### Exercise prompt
Repeat the data that follows, word for word, without the images.

### Data for review
================

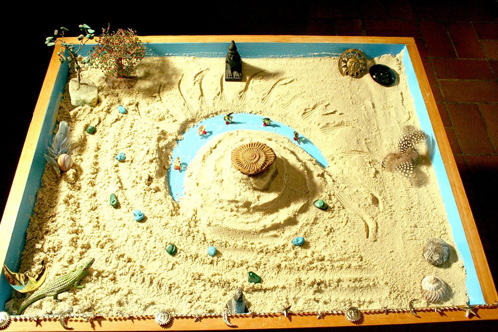 Das Therapeutische Sandspiel geht auf Dora M. Kalff (1904 – 1990) zurück, die diese Methode u.a. auf der Grundlage der Analytischen Psychologie C.G. Jungs begründete. Man gestaltet im trockenen oder feuchten Sand mit Figuren in einem übersichtlichen Sandkasten dreidimensionale Bilder. Der Aufbau geschieht spontan und ohne Vorgaben der Therapeutin oder des Therapeuten. Der Symbolgehalt der verwendeten Figuren und die Konstellationen zueinander offenbaren spannende und lebendige Geschichten des Lebens und tragen zur Erkenntnis von unbewussten Zusammenhängen bei. Das therapeutische Geschehen lebt durch das Gewähren-Lassen und Auftauchen-Lassen der Bewusstseinsinhalte. Die Ergebnisse faszinieren durch ihre vielschichten Aussagen und das große schöpferische Element. Das Entstandene verweist auf tiefere Schichten der Psyche und im Gestaltungsprozess können innere Spannungen gelöst und letztlich Energien für einen ganzheitlichen Heilungs- oder Entwicklungsprozess frei werden. Fantasie und Kreativität werden im Handeln erlebt und wirken positiv anregend auf die Psyche zurück.
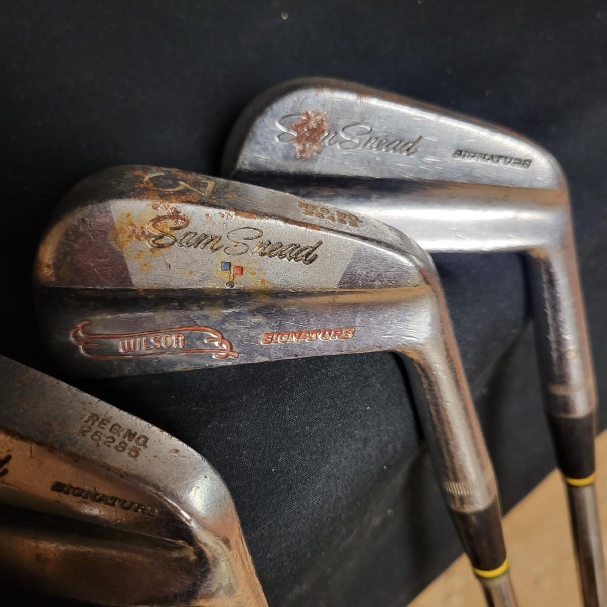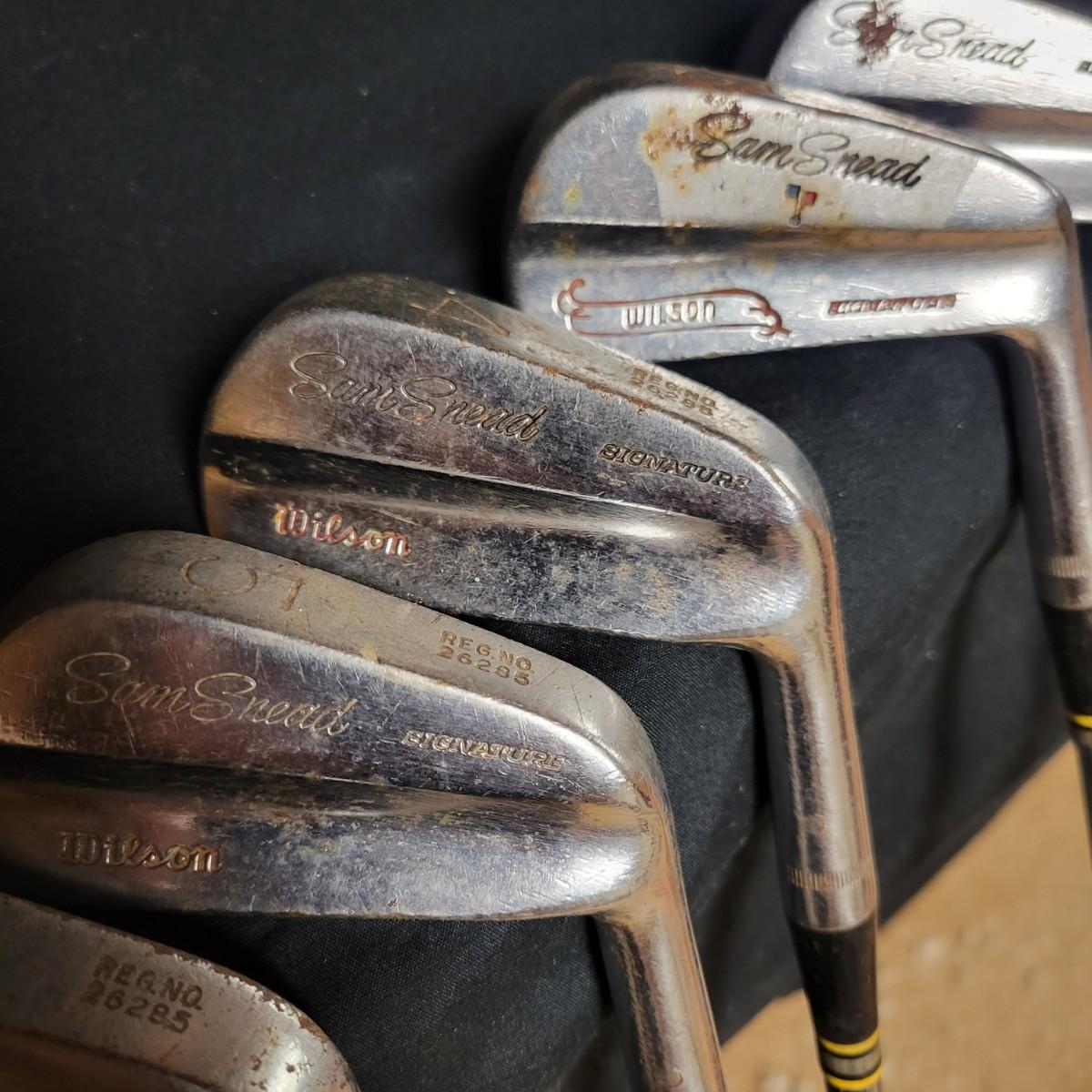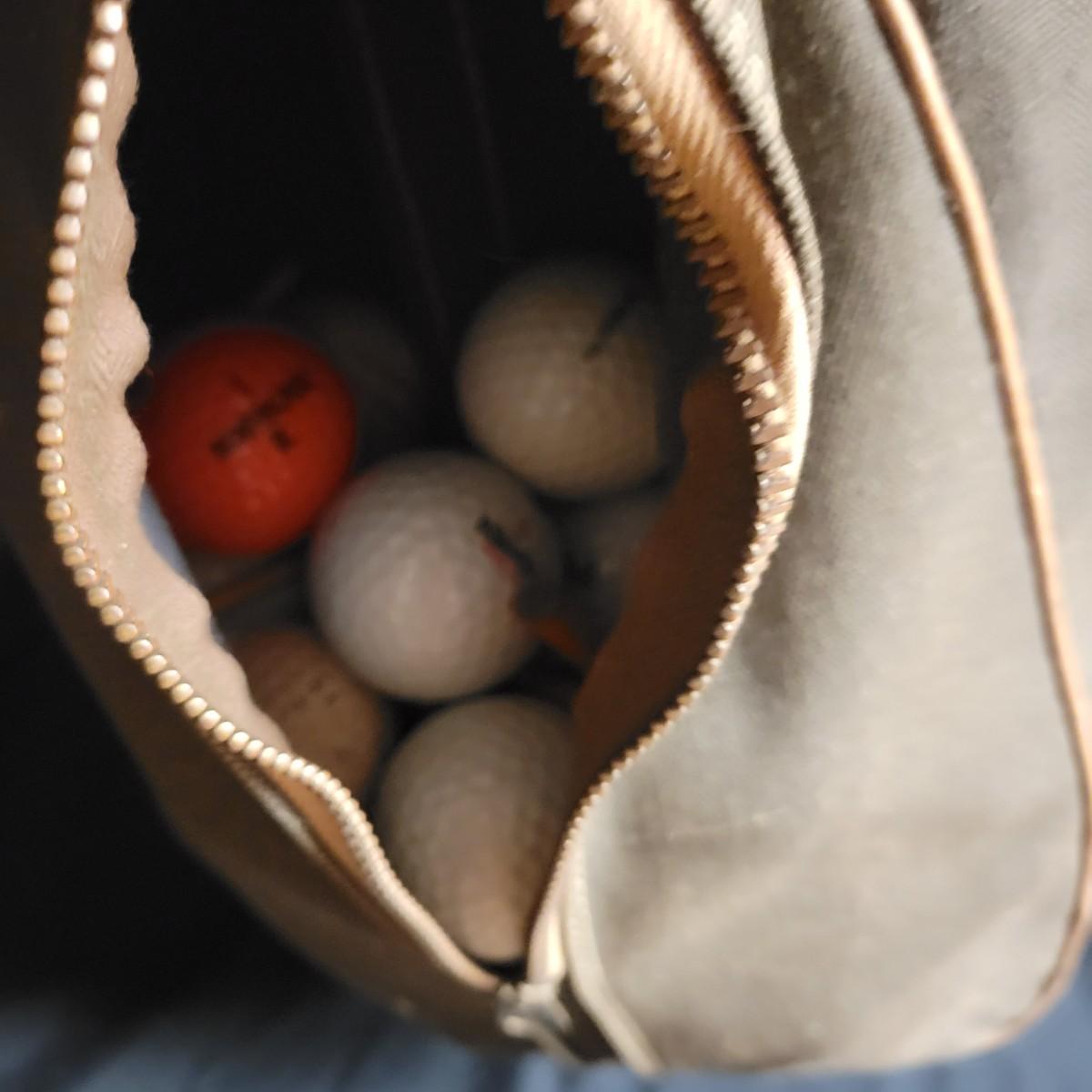 A golf bag and clubs in good condition. The bag is made by Dunlop and is made of canvas with leather accents. This bag has one large pocket stuffed with balls. Nine clubs are included. A five wood made by Golf Pride, six irons made by McGregor that are Sam Sneed Signature clubs and a wedge and 3 iron manufactured by Northwestern that are Bruce Crampton professional clubs. The five wood has a shaft length of 39" and the four iron has a shaft length of 35". Irons do have some rust and there is some wear and tear from use. Local pickup only
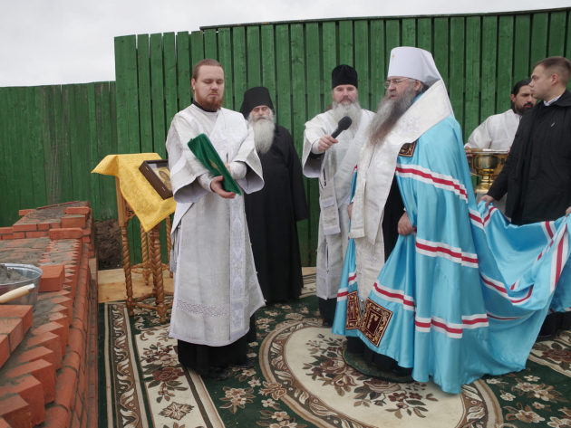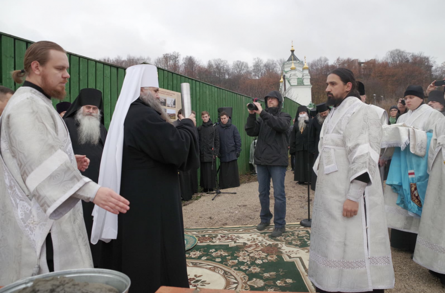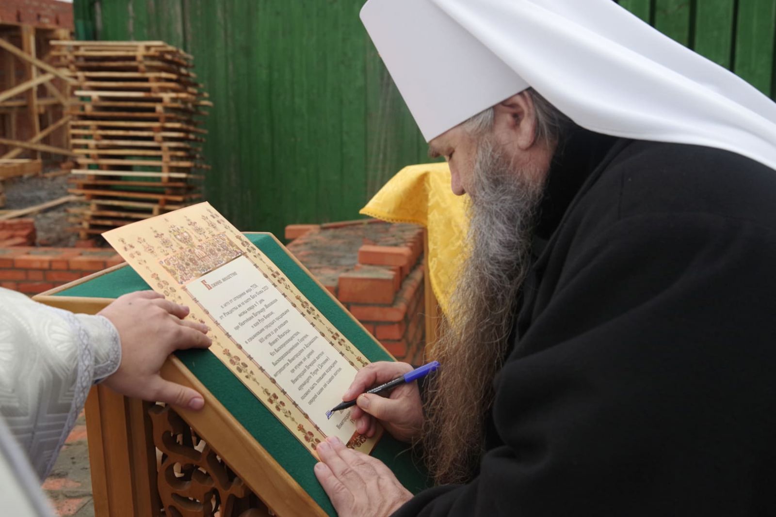 После подписания грамоты, ее поместили в особый приготовленный футляр и опустили в основание башни. Затем Его Высокопреосвященство совершил краткое молитвословие и окропил возводимые стены северной башни святой водой, после чего Владыка митрополит, архимандрит Тихон (Затёкин) и вся присутствующая братия заложила капсулу раствором, положив поверх него кирпичи.
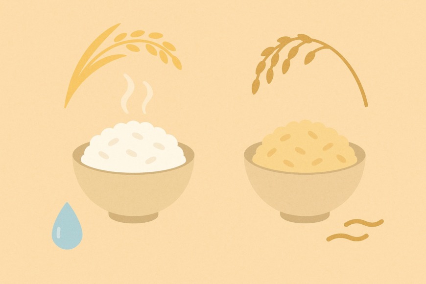 時間がたつと、お米は少しずつ乾いて水分が減っていきます。そのため古いお米は水を吸いにくくなり、炊いたときにご飯が少し硬めになったり、粘り気が弱くなってパサついた感じがしたりします。これが新米と古米でよくいわれる違いのひとつです。
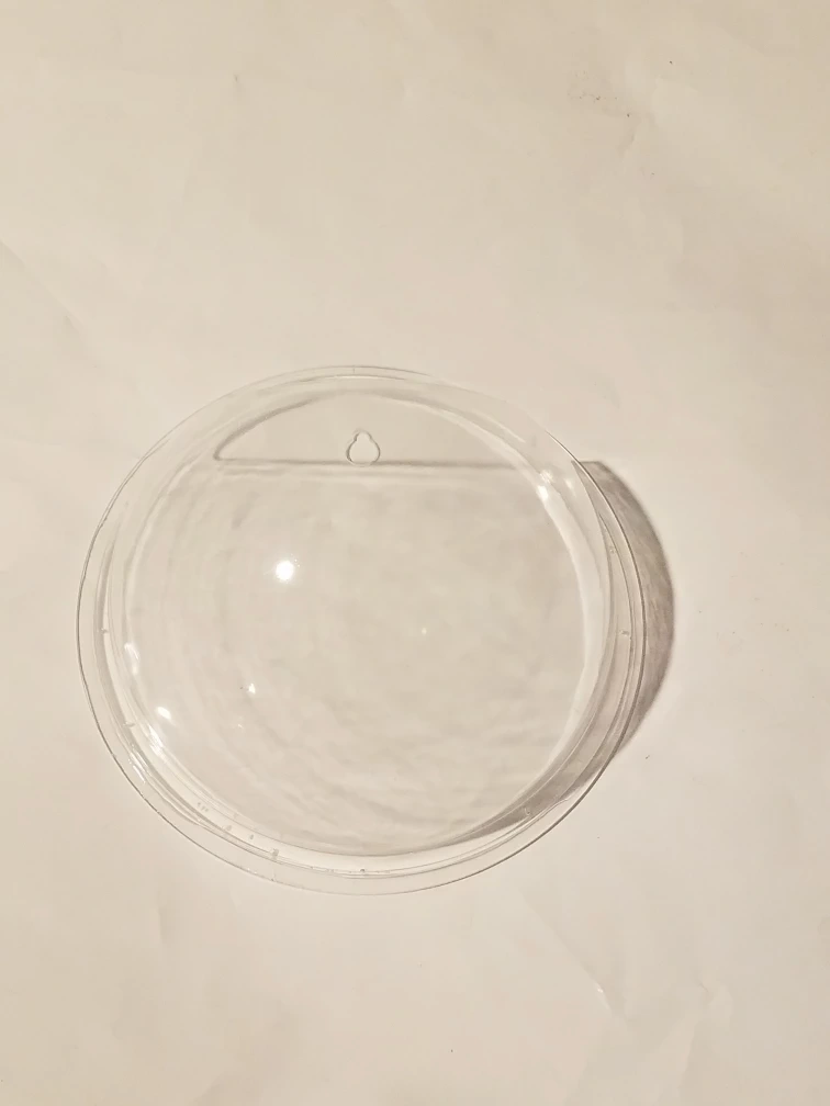 This is a clear plastic sphere designed for hanging plants. It features a convenient loop for hanging. It's made of durable plastic. This sphere is great for small plants or air plants!
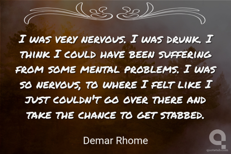 I was very nervous. I was drunk. I think I could have been suffering from some mental problems. I was so nervous, to where I felt like I just couldn't go over there and take the chance to get stabbed.
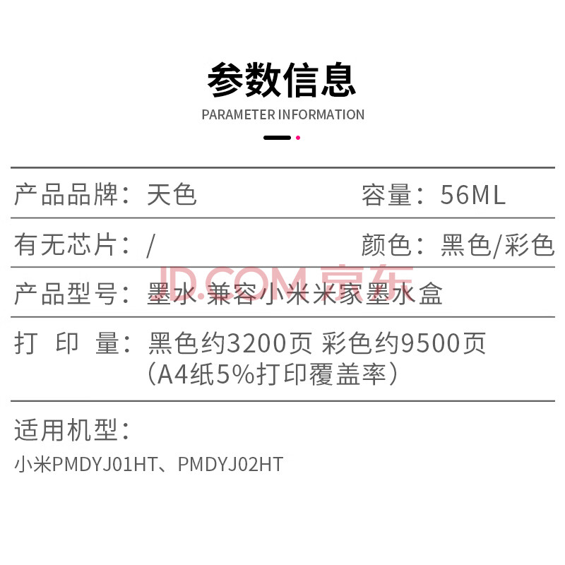 商品相册:天色适用小米打印机墨盒墨水 小米米家喷墨打印机墨盒墨水 黑色第
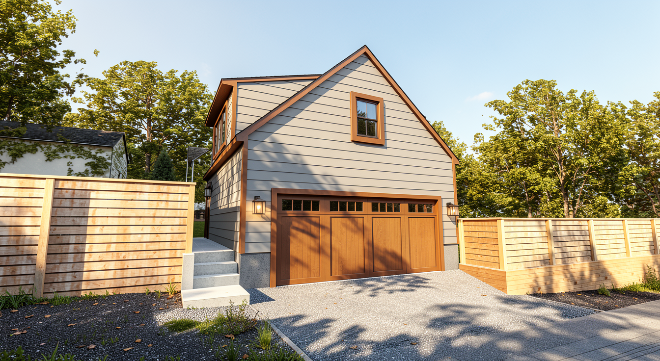 realistic modern warm brown gray wood siding with brown trim light wooden fence sunny

================

### Solution for this task
 Das Therapeutische Sandspiel geht auf Dora M. Kalff (1904 – 1990) zurück, die diese Methode u.a. auf der Grundlage der Analytischen Psychologie C.G. Jungs begründete. Man gestaltet im trockenen oder feuchten Sand mit Figuren in einem übersichtlichen Sandkasten dreidimensionale Bilder. Der Aufbau geschieht spontan und ohne Vorgaben der Therapeutin oder des Therapeuten. Der Symbolgehalt der verwendeten Figuren und die Konstellationen zueinander offenbaren spannende und lebendige Geschichten des Lebens und tragen zur Erkenntnis von unbewussten Zusammenhängen bei. Das therapeutische Geschehen lebt durch das Gewähren-Lassen und Auftauchen-Lassen der Bewusstseinsinhalte. Die Ergebnisse faszinieren durch ihre vielschichten Aussagen und das große schöpferische Element. Das Entstandene verweist auf tiefere Schichten der Psyche und im Gestaltungsprozess können innere Spannungen gelöst und letztlich Energien für einen ganzheitlichen Heilungs- oder Entwicklungsprozess frei werden. Fantasie und Kreativität werden im Handeln erlebt und wirken positiv anregend auf die Psyche zurück.
 A golf bag and clubs in good condition. The bag is made by Dunlop and is made of canvas with leather accents. This bag has one large pocket stuffed with balls. Nine clubs are included. A five wood made by Golf Pride, six irons made by McGregor that are Sam Sneed Signature clubs and a wedge and 3 iron manufactured by Northwestern that are Bruce Crampton professional clubs. The five wood has a shaft length of 39" and the four iron has a shaft length of 35". Irons do have some rust and there is some wear and tear from use. Local pickup only
 После подписания грамоты, ее поместили в особый приготовленный футляр и опустили в основание башни. Затем Его Высокопреосвященство совершил краткое молитвословие и окропил возводимые стены северной башни святой водой, после чего Владыка митрополит, архимандрит Тихон (Затёкин) и вся присутствующая братия заложила капсулу раствором, положив поверх него кирпичи.
 時間がたつと、お米は少しずつ乾いて水分が減っていきます。そのため古いお米は水を吸いにくくなり、炊いたときにご飯が少し硬めになったり、粘り気が弱くなってパサついた感じがしたりします。これが新米と古米でよくいわれる違いのひとつです。
 This is a clear plastic sphere designed for hanging plants. It features a convenient loop for hanging. It's made of durable plastic. This sphere is great for small plants or air plants!
 I was very nervous. I was drunk. I think I could have been suffering from some mental problems. I was so nervous, to where I felt like I just couldn't go over there and take the chance to get stabbed.
 商品相册:天色适用小米打印机墨盒墨水 小米米家喷墨打印机墨盒墨水 黑色第
 realistic modern warm brown gray wood siding with brown trim light wooden fence sunny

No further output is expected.